The role and function of specific genes and the factors that they encode in bacterial virulence summarize the changing concept of bacterial virulence and the detection and identification strategies used to recognize these genes. The definitions of bacterial virulence and virulence factors have been summarized elsewhere [12].

The Evolution of Pathogenic Bacteria

Pathogens are constantly evolving, because the bacterial and the host population, as well as the ecological conditions that affect the survival and interaction of both, undergo constant changes. A shift towards pathogenicity can be caused by changes in the bacteria, or alternatively by changes in the susceptible hosts or in the success of bacterial survival and contamination routes ex vivo.

Recent data [13] suggest that pathogenic bacteria evolved from related nonpathogenic organisms by genetically acquiring relatively large blocks of genetic material that encode virulence factors, rather than by slow, adaptive evolution of preexisting genes.
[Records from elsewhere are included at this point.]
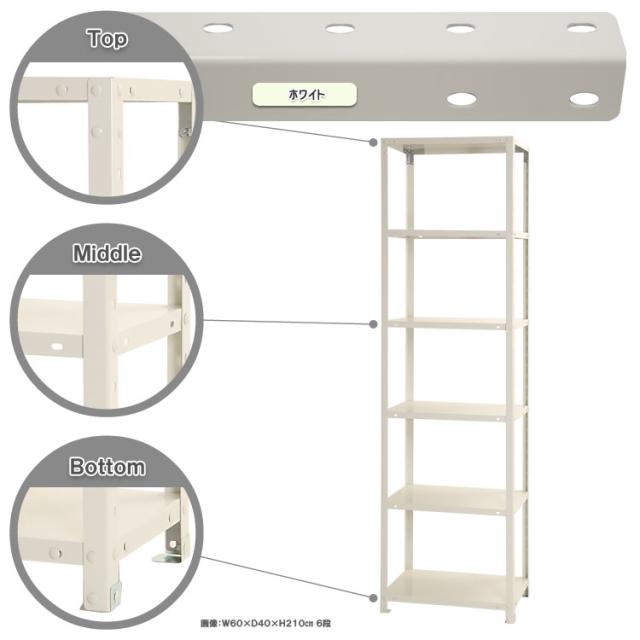 スマートラック 幅60×奥行30×高さ210cm 6段 ホワイト NSTR-734-6 [オフィス家具 スチール棚 スチールラック 業務用 収納棚 収納ラック キタジマ]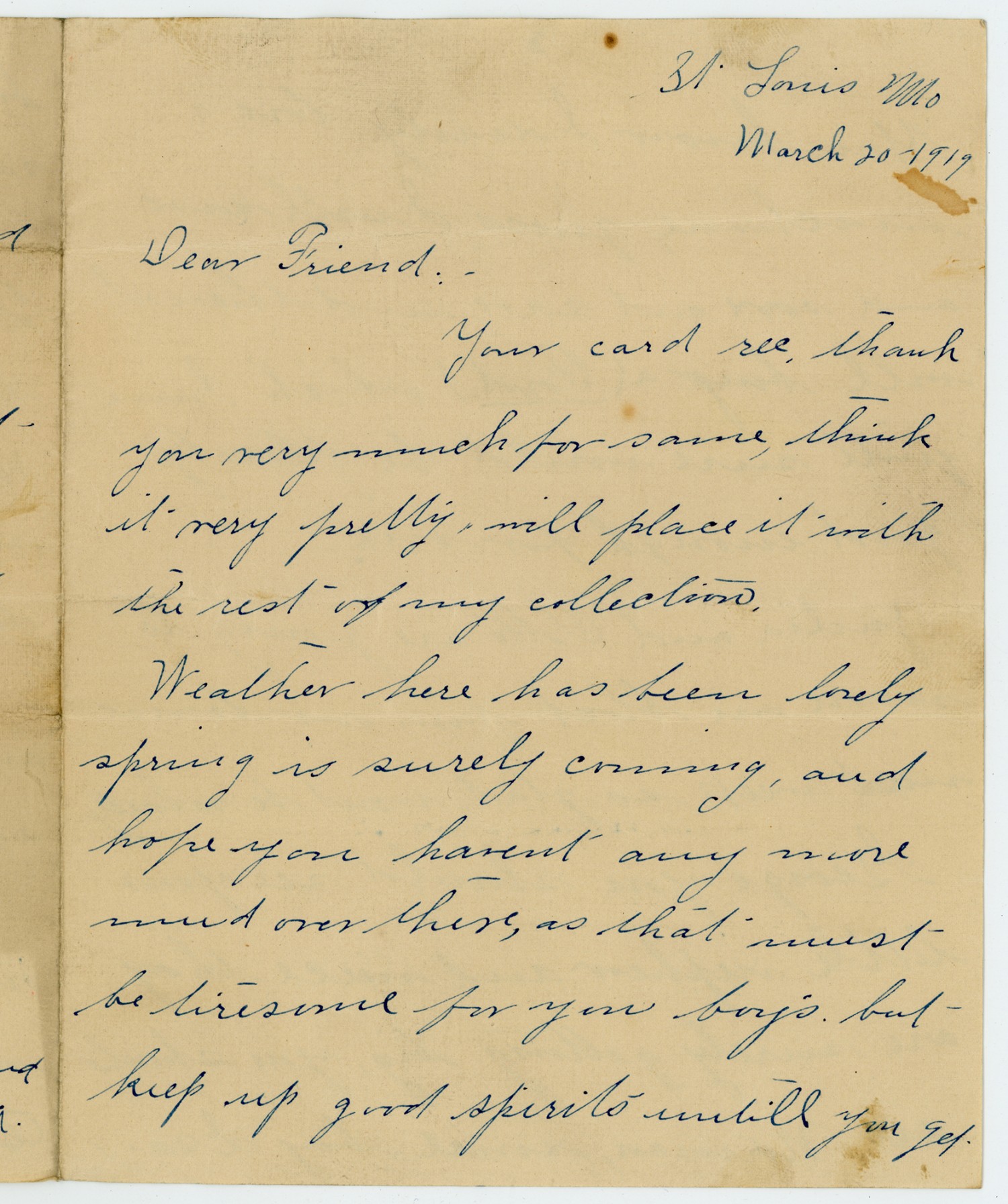 St. Louis [Missouri] March 20 - 1919 Dear Friend: - Your card rec, thank you very much for same, think it very pretty, will place it with the rest of my collection. Weather here has been lovely spring is surely coming, and hope you havent any more mud over there, as that must be tiresome for you boys but keep up good spirits untill you get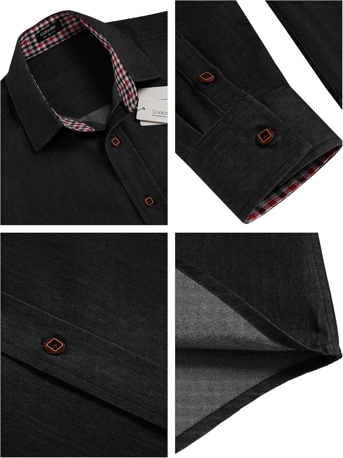 COOFANDY Men's Casual Dress Shirt Button Down Shirts Long-Sleeve Plaid Collar Denim Work Shirt(Type 01 - Black)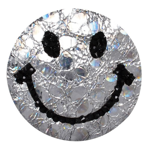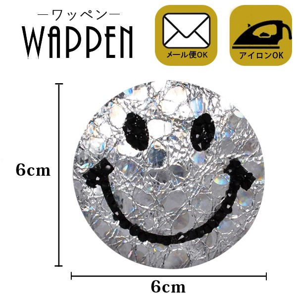 スマイル ワッペン ストーンワッペン アイロン接着 縦6cm×横6cm シルバー キラキラワッペン アイロンワッペン アップリケ母の日 プレゼント ギフト
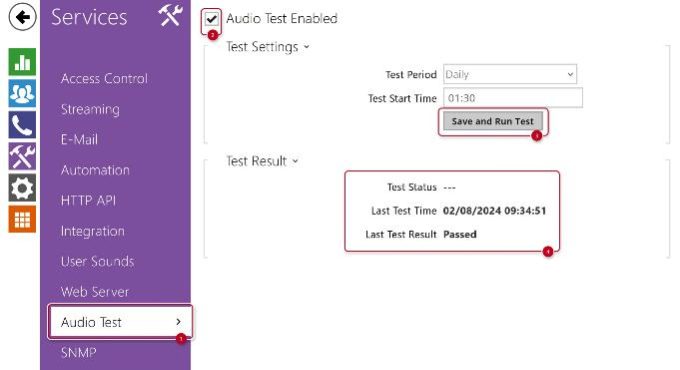 In section Services – Audio Test, let the speaker beep and the microphone pick it up .

A disproportionate number of essential virulence determinants, particularly toxins and adherence factors, are found on mobile genetic elements, which can be disseminated to other bacteria by conjugation, transformation and transduction events [13].

An important part of adaptive evolution in bacteria is through genes borne on, transmitted by, and sequestered from external sources. From this perspective, the population and evolutionary dynamics of these elements form an integral part of the process of adaptive evolution in bacteria [18].

A common thread has been observed in a number of distinct microbial pathogens that suggests a major evolutionary mechanism by which pathogenic bacteria have evolved. In many cases, virulence genes are found in large contiguous blocks known as chromosomal inserts or pathogenicity islands [19,20](Table 1).

Thumbnail

A variety of bacterial virulence factors are encoded on DNA elements that show evidence of more recent acquisition when compared with genes encoding highly conserved essential metabolic functions. In some cases, this horizontal gene transfer is obvious because the virulence factors are encoded within highly mobile genetic elements, such as transposons, plasmids, and bacteriophages. In other cases, the site of chromosomal insertion and/or the nucleotide composition of virulence factors indicate that they were acquired by horizontal gene transfer, without any evidence of currently functional transfer machinery [21].

Many of the genes coding for the adhesins, toxins and other virulence factors either are present in clusters known as pathogenicity islands [13,20-22], which almost certainly had former lives as accessory elements or as parts thereof, or are borne on functional accessory elements, such as plasmids and viruses [18].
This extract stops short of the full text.